The early church knew the meaning of “our.” They gathered daily and weekly to pray, worship, and to “speak to one another in psalms or hymns or spiritual songs.” When they bowed their knees HE was “Our Father” the family’s Father. They needed community for they were heavily opposed because of their faith. Faith in and obedience to Christ juxtaposed them against Rome and Jewish legalism. Faith, because it is God-centered and not man-centered, is very oppositional culturally and politically. We have a different leader. Christ lived a life of resistance to evil and love for mankind, and we should do the same. Of course they killed him for it, but this is OUR struggle, too—to live in obedience to the ONE who unites us by His Spirit together for his kingdom and his will (which is to love and help mankind into his kingdom of truth and love). And we may, as they were, be persecuted for following Christ, but let it NOT be for doing wrong–as Peter warns against.*

The last four words of this phrase, “who art in heaven,” can also shift our perspective. Our Father is in heaven, and he is all powerful and above all things. According to Ephesians 1, Jesus is also there with our Father, raised and “seated with Him far above all rule and authority and power and dominion and every name that is named, not only in this age but also in the one to come.” (Eph. 1:21) He is heavenly–not bound by earth’s flawed perspectives or the limitations of time or space or any other resource.

Our Father is all-powerful, all knowing, and full of compassion and grace. HE RULES. HE KNOWS. This should give wings to our asking. We are going before a loving, tender, heavenly Father who loves us and who is able to provide our needs, “according to his riches in glory.” He also has the wisdom to know what is good and bad for us. Christ is inviting us to deeper trust in a heavenly Father, not a legalistic tyrant. Growing to trust in that Father’s love and wisdom (and not our own) is as challenging to us as to a child who isn’t granted something deeply desired but unwise. Trust is something I/we must always work toward.

I need to dwell in that six-word phrase for a while—maybe for the greater part of my life, or at least until it rings completely true—“Our Father, who art in heaven.”

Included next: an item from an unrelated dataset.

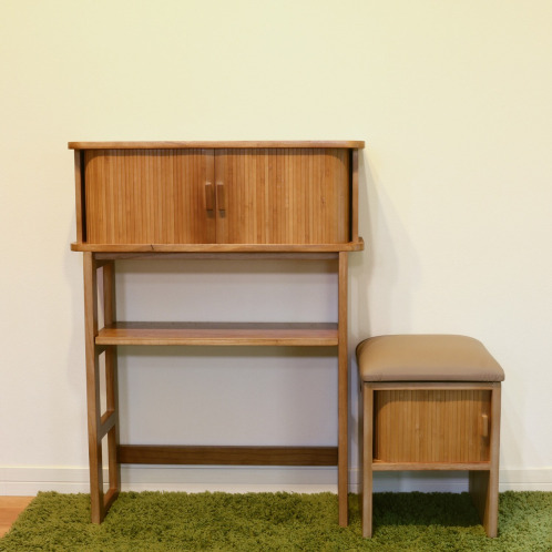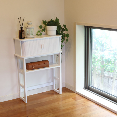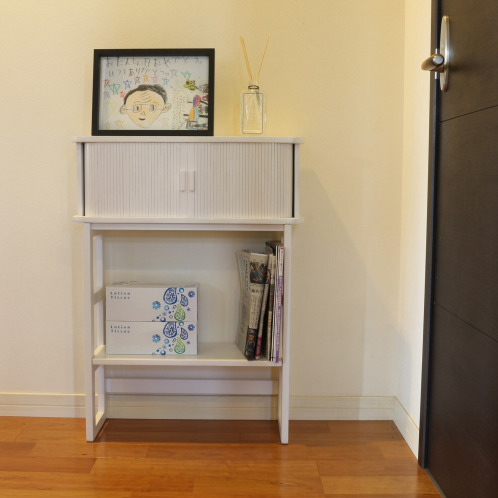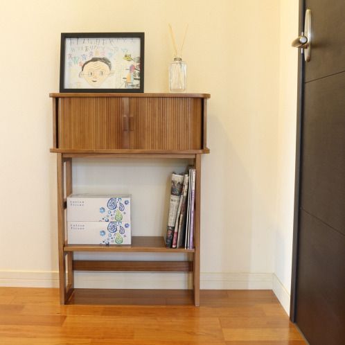 リビングはもちろん、廊下のような狭い場所にも設置でき、こまごまとしたものをすっきり、おしゃれに収納!竹製のジャバラ扉も最後まで大きく開くので、奥にしまった物も見やすく、取り出しやすいのもポイントです。
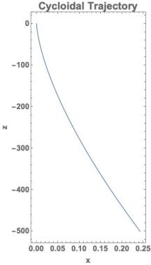 For larger times, the solution is very surprising. The solution corresponds to an inverted cycloid. We plot the solution for 60,000 seconds (16.6 hours) in the Figure below.

What truths might God teach you as you meditate on that tiny phrase? I’d love to hear what you learn. (There’s much more than I covered here.)

*But in your hearts revere Christ as Lord. Always be prepared to give an answer to everyone who asks you to give the reason for the hope that you have. But do this with gentleness and respect, 16 keeping a clear conscience, so that those who speak maliciously against your good behavior in Christ may be ashamed of their slander. 17 For it is better, if it is God’s will, to suffer for doing good than for doing evil. I Peter 3:15-17. (NIV)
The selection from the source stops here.